In the yellow trap count done for the Tlayacapan orchard (1,736 masl), a total of 2009 adults was obtained in the whole sampling period, while in the direct sampling from buds 1,034 adults were obtained, and 3,992 nymphs were obtained from the leaves. In the Tlalnepantla B orchard (1,934 masl) 852 adults in the yellow traps, 759 adults from buds, and 1,354 nymphs from leaves were counted. Last, in the Tlalnepantla A orchard (2,230 masl) a total 1,314 adults in traps, 790 adults from buds, and 1,542 nymphs from leaves were obtained.

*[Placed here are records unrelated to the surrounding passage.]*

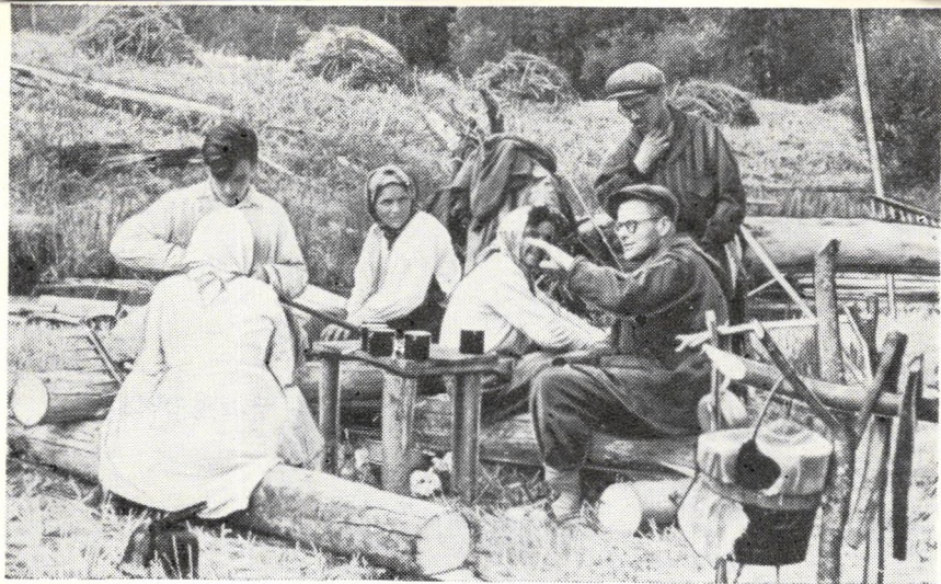
Встреча с косцами на берегу канала
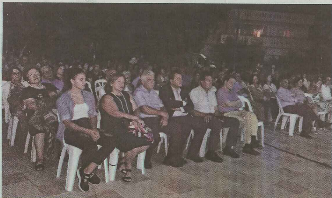
Πλήθος κόσμου ανταποκρίθηκε στο κάλεσμα της "Πολιτείας Τυμπακίου" και συγκεντρώθηκε στο προαύλιο του Ιερού Ναού του Αγίου Τίτου, στο Τυμπάκι.

Σύμφωνα με τον Μανόλη Γλέζο, «το Τυμπάκι, με την ολοσχερή καταστροφή του, την καταναγκαστική εργασία στην οποία υποβλήθηκαν οι κάτοικοί του, τα μαρτύρια τα οποία υπέφεραν, την αντίστασή τους στον κατακτητή, αποτέλεσε σύμβολο Αντίστασης και Αγώνα. Σύμβολο εθνικό, ευρωπαϊκό και οικουμενικό».
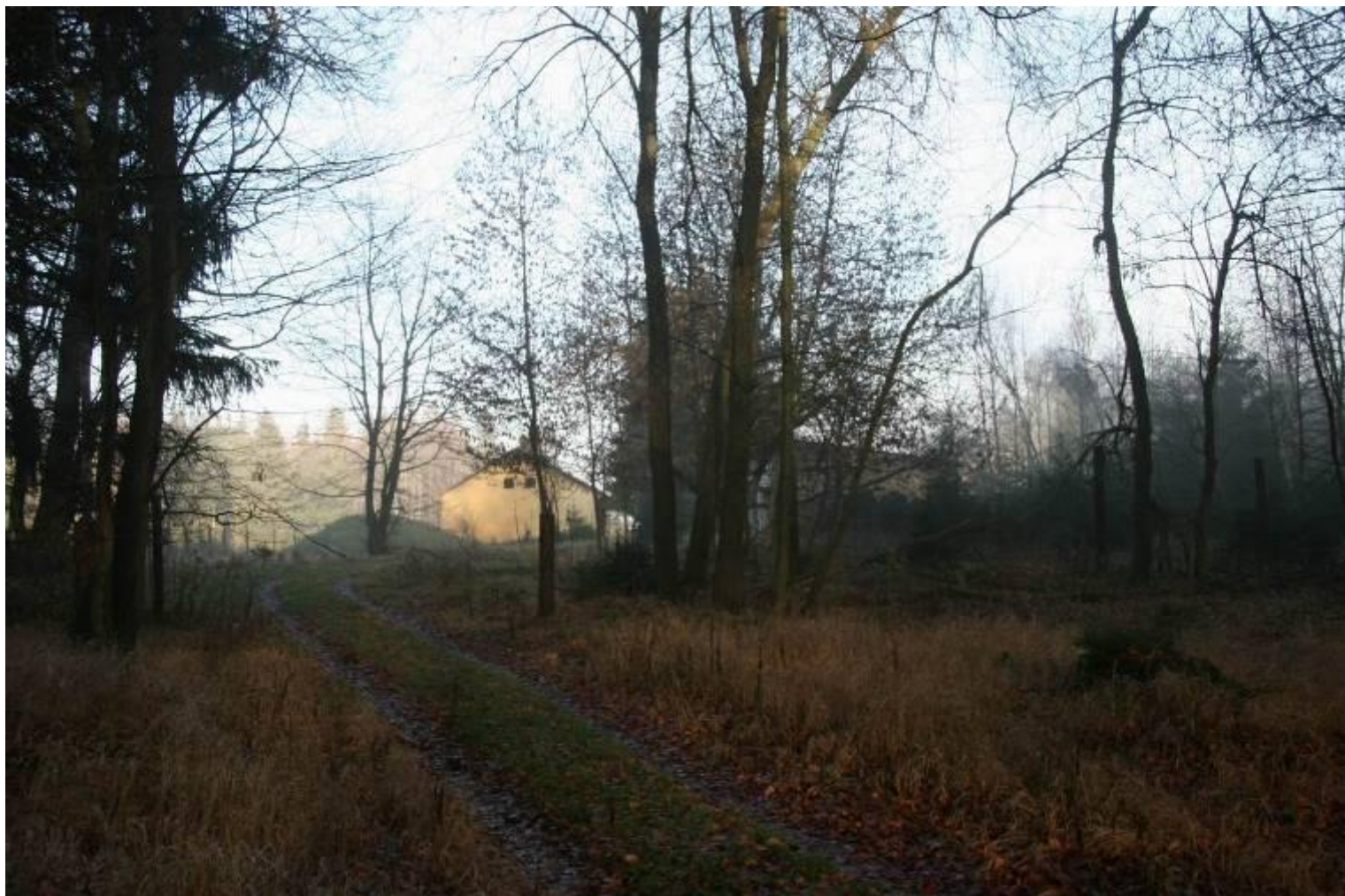
Příjezdová cesta k Tišíně

Pouze pro doplňkový průzkum byl ve „výzbroji“ jednotky přijímač Lamda V , pro odposlech americké vojenské stanice AFN 6 , kterou amíci využívali k upevnění bojové morálky svých vojsk v Evropě. Přestože to byl vlastně jen doplňkový zdroj informací, podařilo se zde zachytit dvě důležité zprávy, za které dostali operátoři mimořádné opušťáky.

T. persea was present in all three sampled orchards. The results indicated that the lowest altitude orchard had the highest population of the species (Fig. 1, Table 1), from a greater capture registry in yellow traps and direct counting from buds and leaves, with a ratio of 1:3.9 (adult:nymph). The medium altitude orchard had a similar proportion of adults captured in the traps and counted from buds (Fig. 2, Table 1), while the nymph population was greater than the adult population with an adult:nymph ratio of 1:1.8. The orchard with the highest altitude showed a lower population of adults in the direct count from buds than in the traps (Fig. 3, Table 1); the ratio of adults from buds with regard to nymphs from leaves was 1:2.

Fig. 1.

Fig. 1.

Population fluctuation of T. perseae, crop buds and meteorological data from February 2014 to April 2015 in the Tlayacapan orchard (1,736 masl). (A) Adult fluctuation in traps and leaves, nymphs fluctuation and number of generations; (B) Mean temperature, precipitation, relative humidity, and vegetative buds.

Table 1.

Average whitefly populations for T. perseae during February 2014 to April 2015 in three avocado orchards in Morelos, Mexico

Date Tlayacapan 1,736 masl
Tlaneplantla B 1,934 masl
Tlanepantla A 2,230 masl
AD NY AD TR AD NY AD TR AD NY AD TR
28 Feb. 2014 16.4 4.1 49.8 8.2 7.2 12.0 3.1 8.8 27.4
21 Mar. 2014 14.5 2.8 32.0 4.7 4.5 14.7 8.2 9.5 12.3
11 Apr. 2014 4.1 1.1 45.3 1.5 2.1 21.2 6.6 3.5 42.9
2 May 2014 0.7 0.7 15.6 0 0 9.7 7.9 0 6.8
23 May 2014 8.8 0 0.8 1.2 0 1.3 5 0 1.5
13 Jun. 2014 4 12.4 1.4 1.9 2.3 1.8 1.4 1.5 1.1
4 Jul. 2014 1.9 10.4 1.6 1.6 2.5 0.9 2.4 7.9 2.9
25 Jul. 2014 1 3.1 1.2 3.9 2.3 1.1 1.6 2.5 2.5
15 Aug. 2014 2.3 11.6 0.9 1.4 10.9 1.5 1.3 6.3 2.9
5 Sep. 2014 0.7 8.6 1.3 5.9 14.5 1.9 6.2 19.9 1.4
26 Sep. 2014 0 16 2.8 6.6 12.5 2.2 2 5.4 1.6
17 Oct. 2014 0 9.9 3.3 0 1 2.5 0.8 5.4 2.6
7 Nov. 2014 1 23.5 14.1 0 3.9 1.4 1.3 3.9 1.3
28 Nov. 2014 0 42.2 2.9 0 9 1.6 0 11.2 0.9
19 Dec. 2014 0.2 50.8 6.8 0 10.7 5.0 0 12.5 4.3
09 Jan. 2015 7.8 50.1 4.9 2.1 14.9 3.9 1.2 14.7 1.1
30 Jan. 2015 8.9 49.4 1.9 10.2 9.9 3.6 5.5 16.1 3.8
20 Feb. 2015 6.1 41.3 1.7 5.6 9.1 2.5 8.7 10.4 1.4
13 Mar. 2015 9.4 35.8 3.9 7.3 8.8 3.8 8.5 7.6 5.2
08 Apr. 2015 15.6 25.4 8.7 13.8 9.3 4.6 7.3 7.1 7.5

AD, adults; NY, nymphs; AD TR, adults for tramp.

Fig. 2.

Fig. 2.

Population fluctuation of T. perseae, crop buds and meteorological data from February 2014 to April 2015 in the Tlalnepantla B orchard (1,934 masl). (A) Adult fluctuation in traps and leaves, nymphs fluctuation and number of generations; (B) Mean temperature, precipitation, relative humidity, and vegetative buds.

Fig. 3.

Fig. 3.

Population fluctuation of T. perseae, crop buds and meteorological data from February 2014 to April 2015 in the Tlalnepantla A orchard (2,230 masl). (A) Adult fluctuation in traps and leaves, nymphs fluctuation and number of generations; (B) Mean temperature, precipitation, relative humidity, and vegetative buds.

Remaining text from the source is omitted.